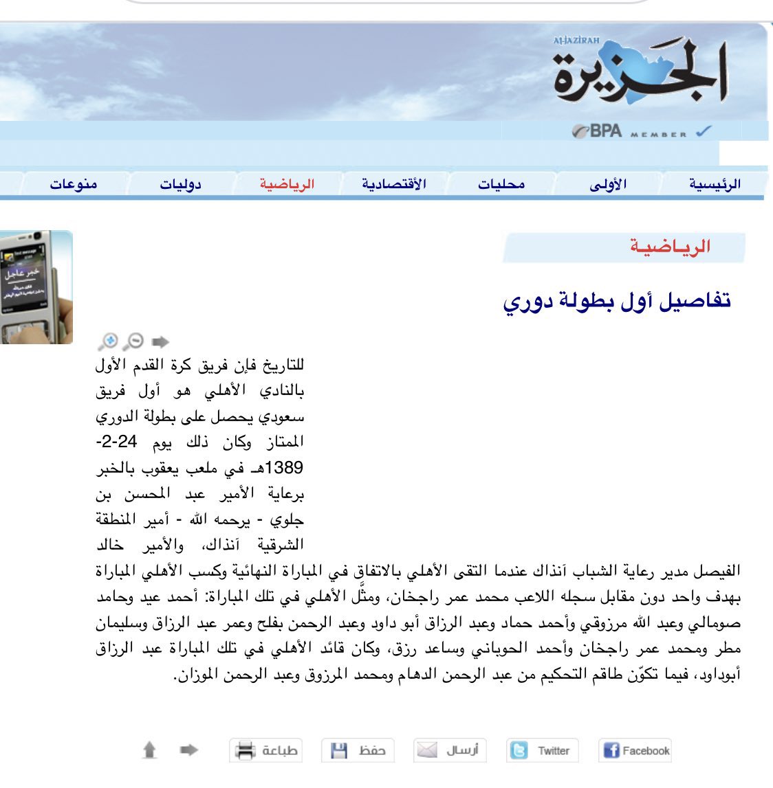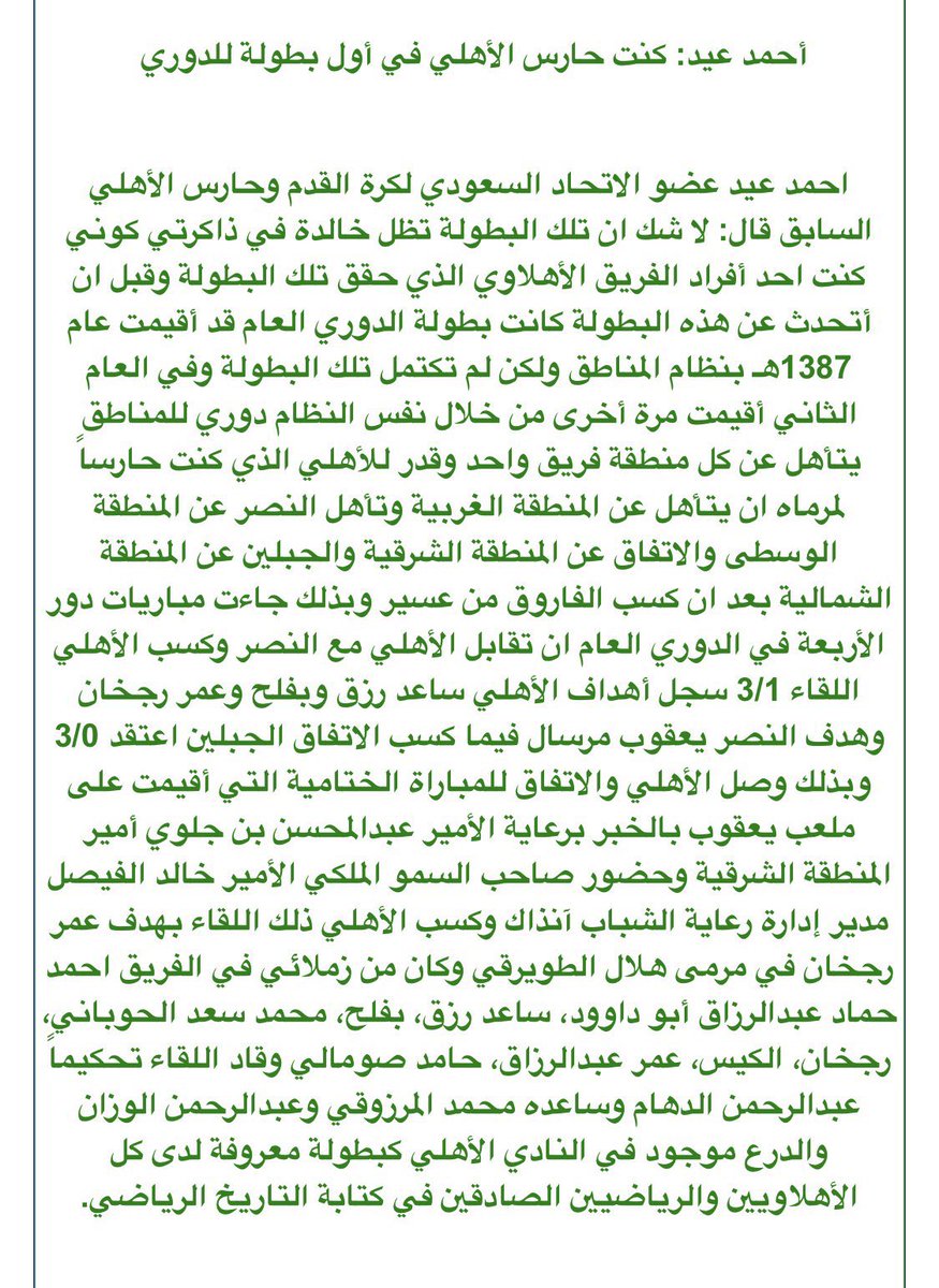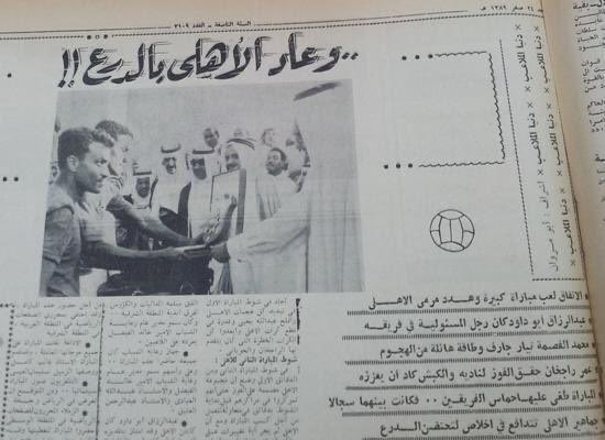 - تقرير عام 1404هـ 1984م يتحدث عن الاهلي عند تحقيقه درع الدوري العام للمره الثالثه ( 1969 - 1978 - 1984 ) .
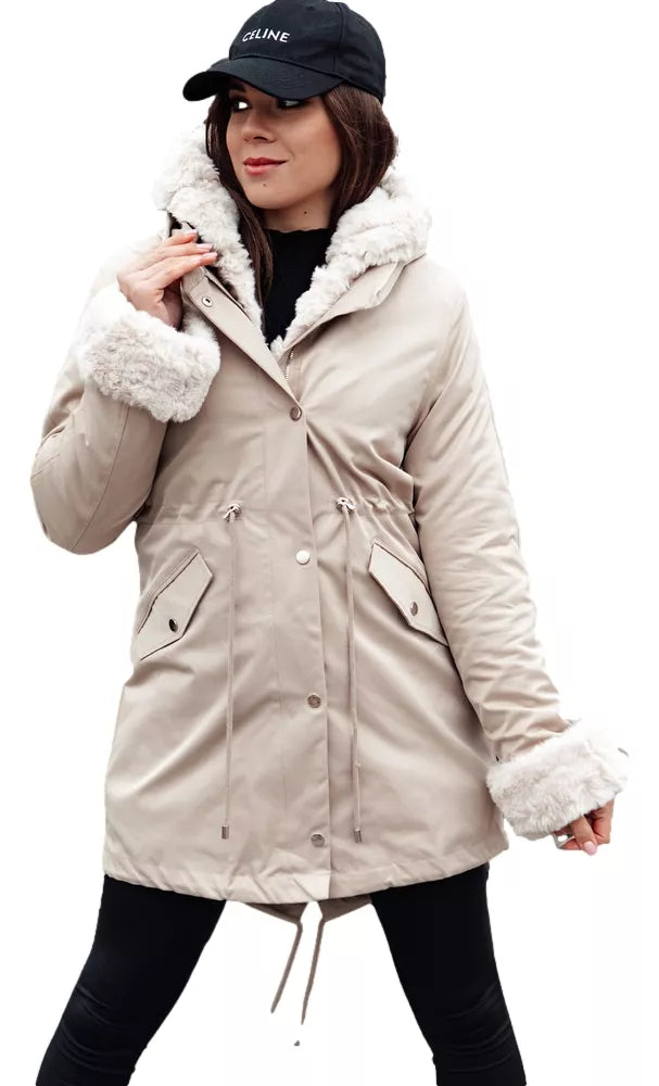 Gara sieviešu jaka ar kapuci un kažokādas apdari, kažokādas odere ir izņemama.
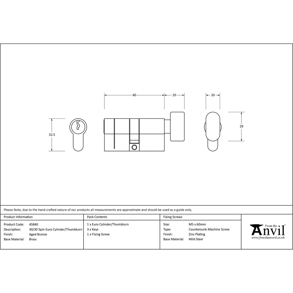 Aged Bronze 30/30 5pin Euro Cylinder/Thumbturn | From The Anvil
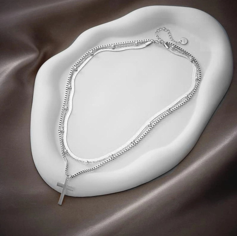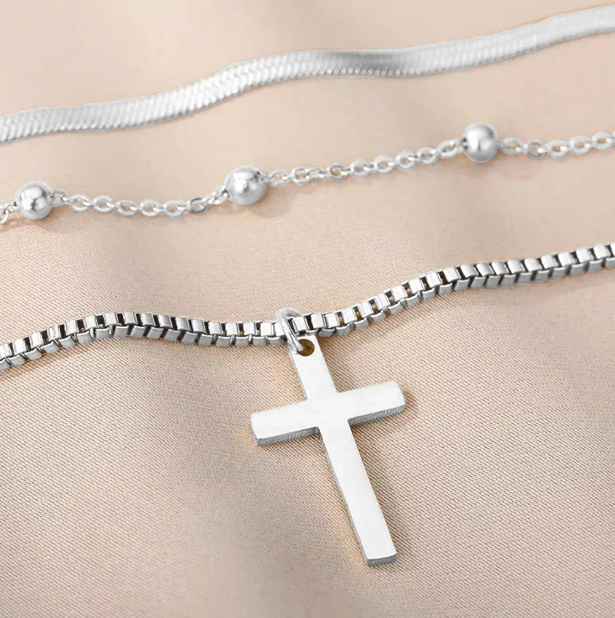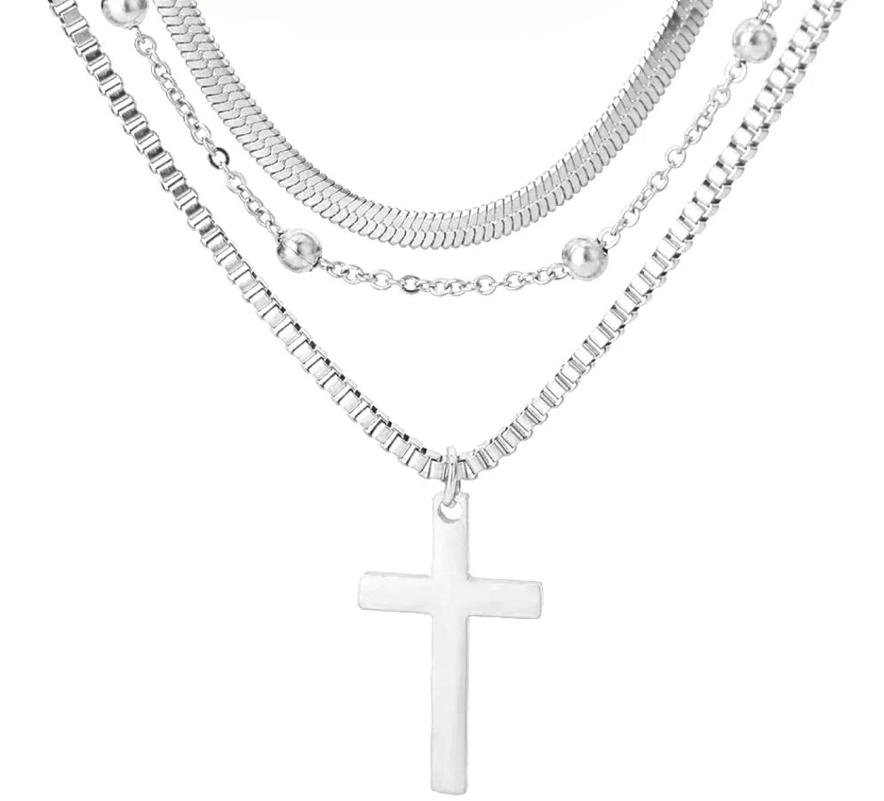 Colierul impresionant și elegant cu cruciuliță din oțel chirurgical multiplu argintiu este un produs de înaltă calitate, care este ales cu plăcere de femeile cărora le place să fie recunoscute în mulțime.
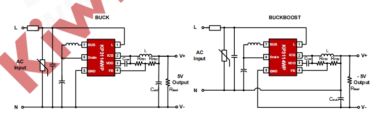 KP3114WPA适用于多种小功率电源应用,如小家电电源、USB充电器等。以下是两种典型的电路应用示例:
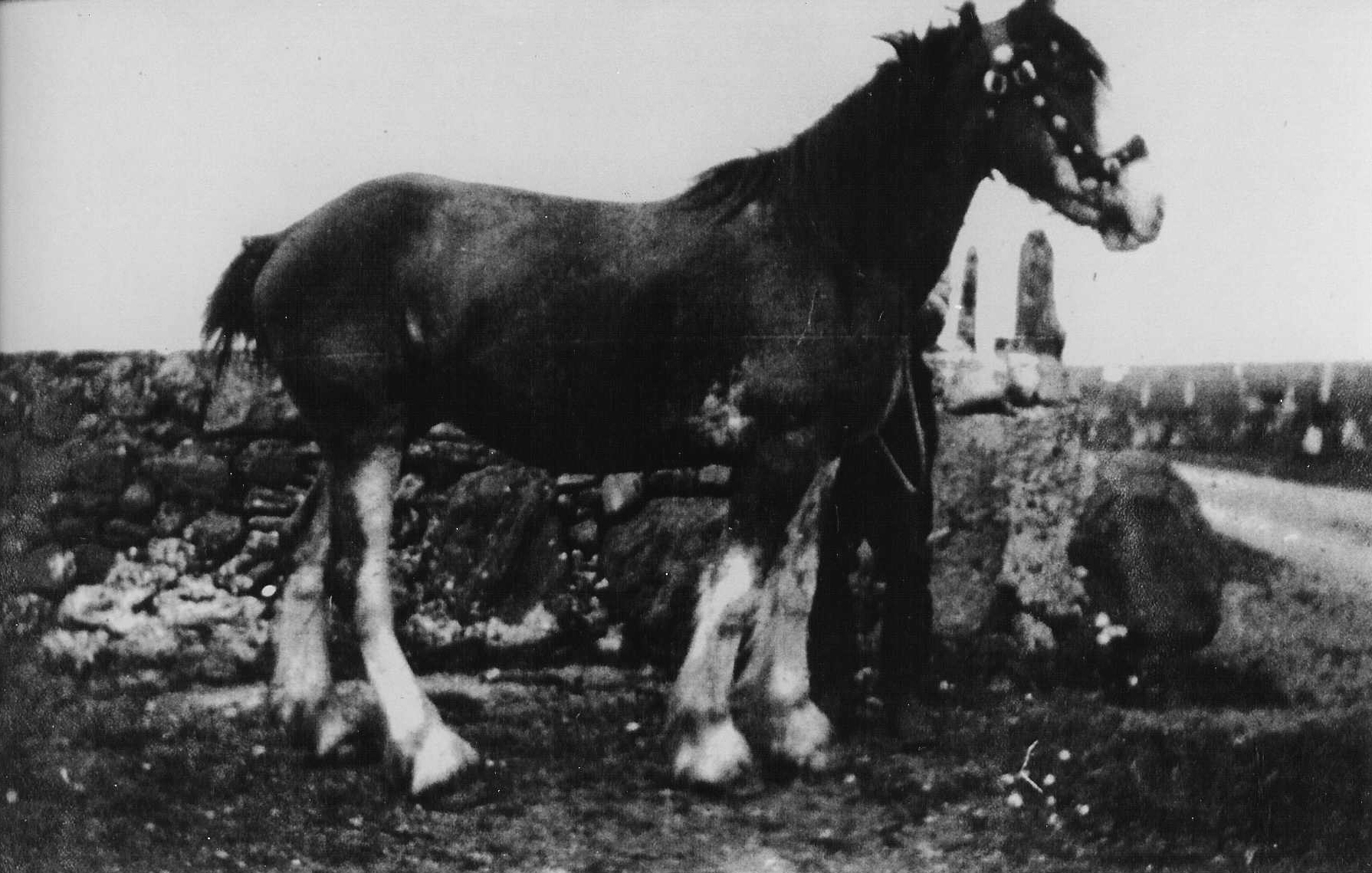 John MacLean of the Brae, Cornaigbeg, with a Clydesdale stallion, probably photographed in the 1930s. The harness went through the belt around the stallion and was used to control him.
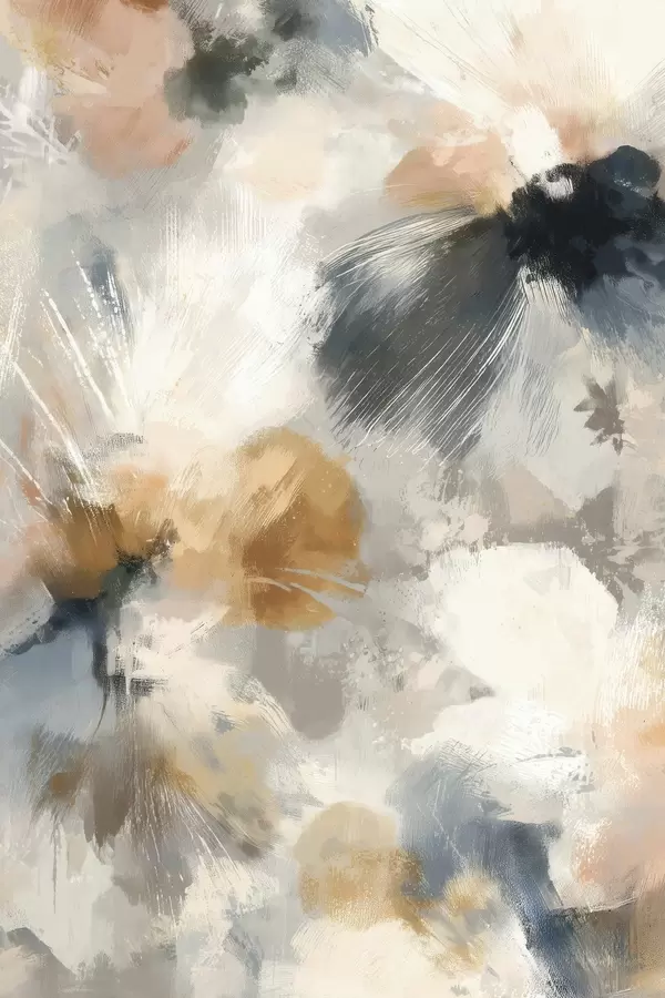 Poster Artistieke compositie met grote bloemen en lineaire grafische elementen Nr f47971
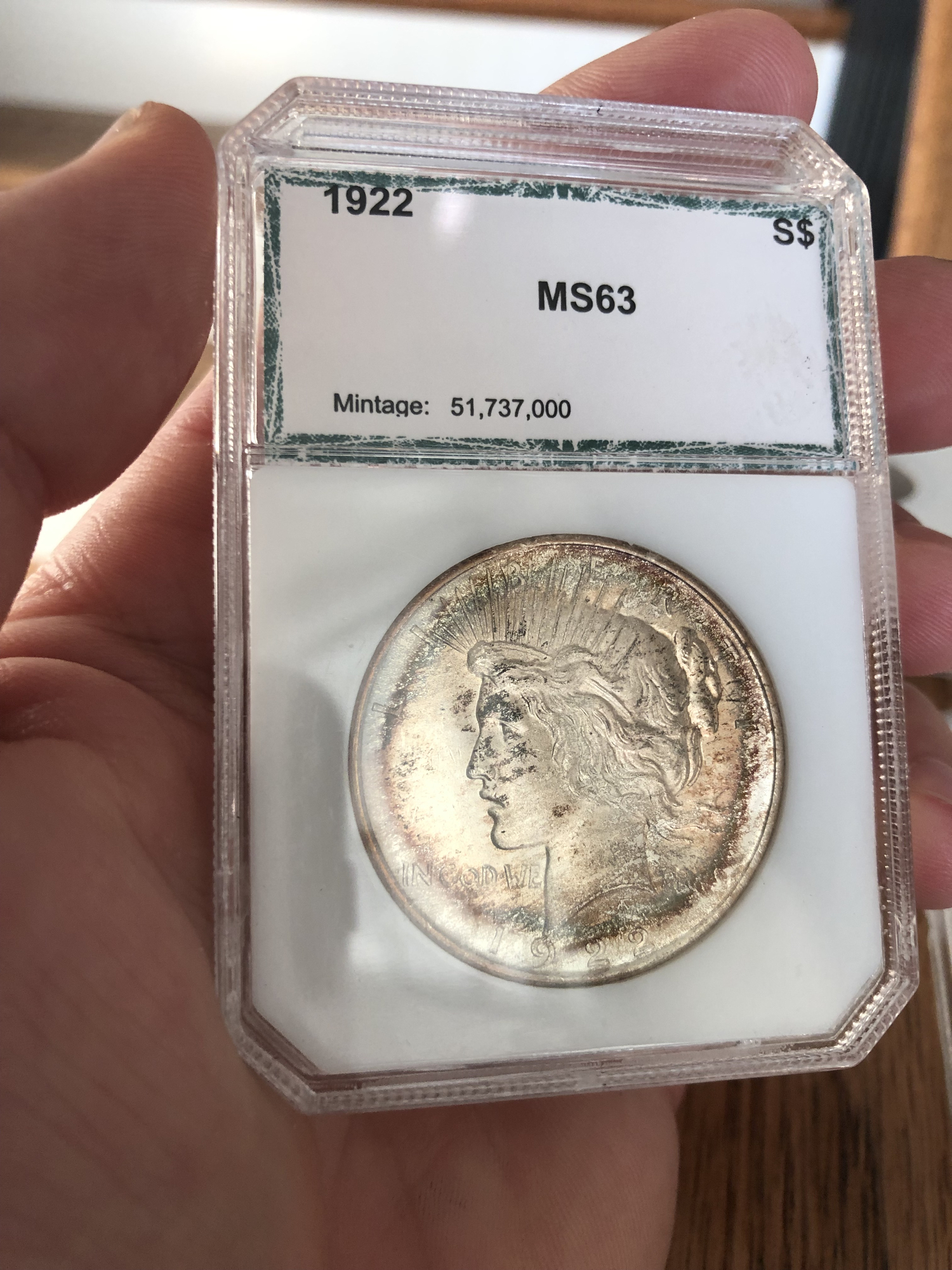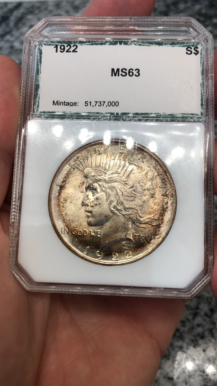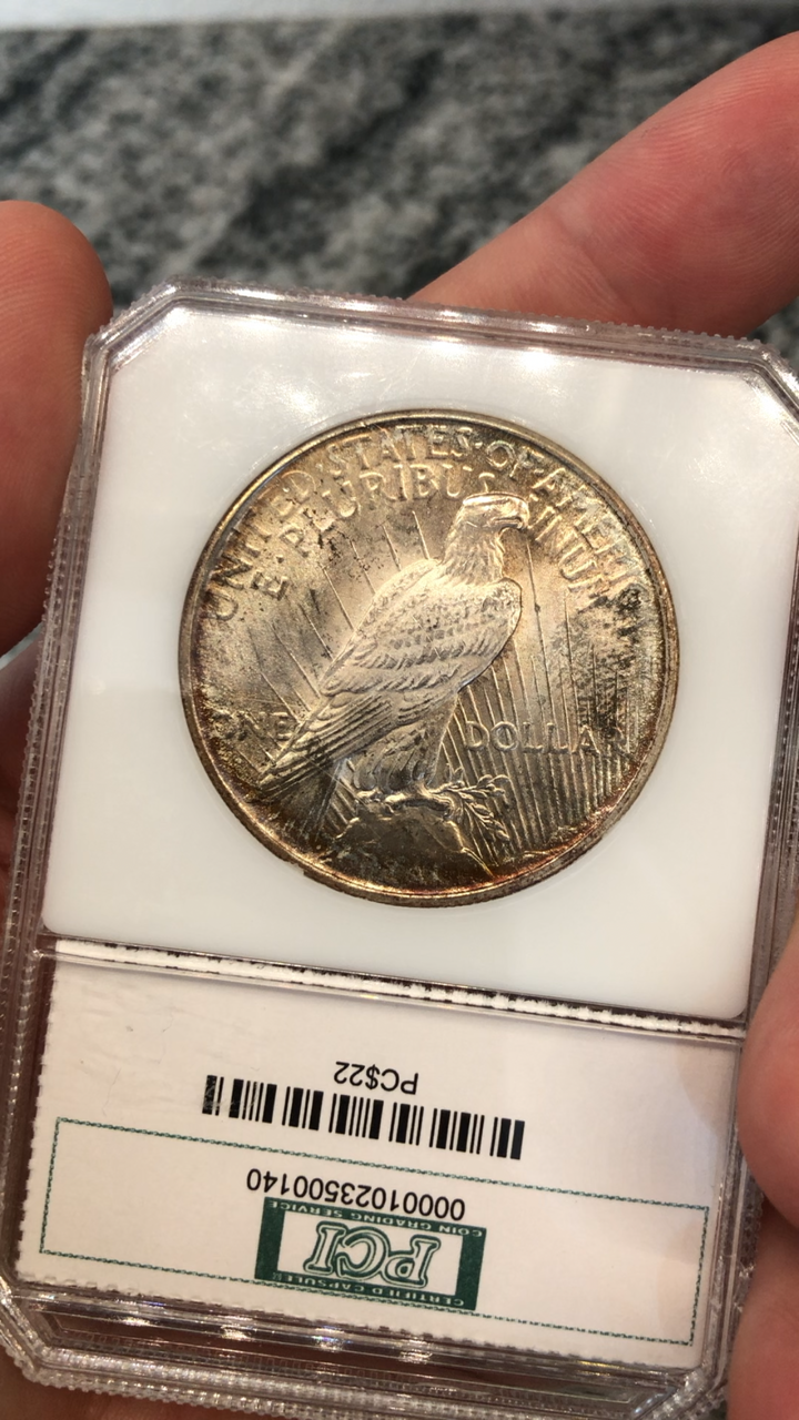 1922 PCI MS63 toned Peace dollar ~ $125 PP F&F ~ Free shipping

===============

Copy the listing exactly. Any image in it stays out of the copy.

 - تقرير عام 1404هـ 1984م يتحدث عن الاهلي عند تحقيقه درع الدوري العام للمره الثالثه ( 1969 - 1978 - 1984 ) .
 Gara sieviešu jaka ar kapuci un kažokādas apdari, kažokādas odere ir izņemama.
 Aged Bronze 30/30 5pin Euro Cylinder/Thumbturn | From The Anvil
 Colierul impresionant și elegant cu cruciuliță din oțel chirurgical multiplu argintiu este un produs de înaltă calitate, care este ales cu plăcere de femeile cărora le place să fie recunoscute în mulțime.
 KP3114WPA适用于多种小功率电源应用,如小家电电源、USB充电器等。以下是两种典型的电路应用示例:
 John MacLean of the Brae, Cornaigbeg, with a Clydesdale stallion, probably photographed in the 1930s. The harness went through the belt around the stallion and was used to control him.
 Poster Artistieke compositie met grote bloemen en lineaire grafische elementen Nr f47971
 1922 PCI MS63 toned Peace dollar ~ $125 PP F&F ~ Free shipping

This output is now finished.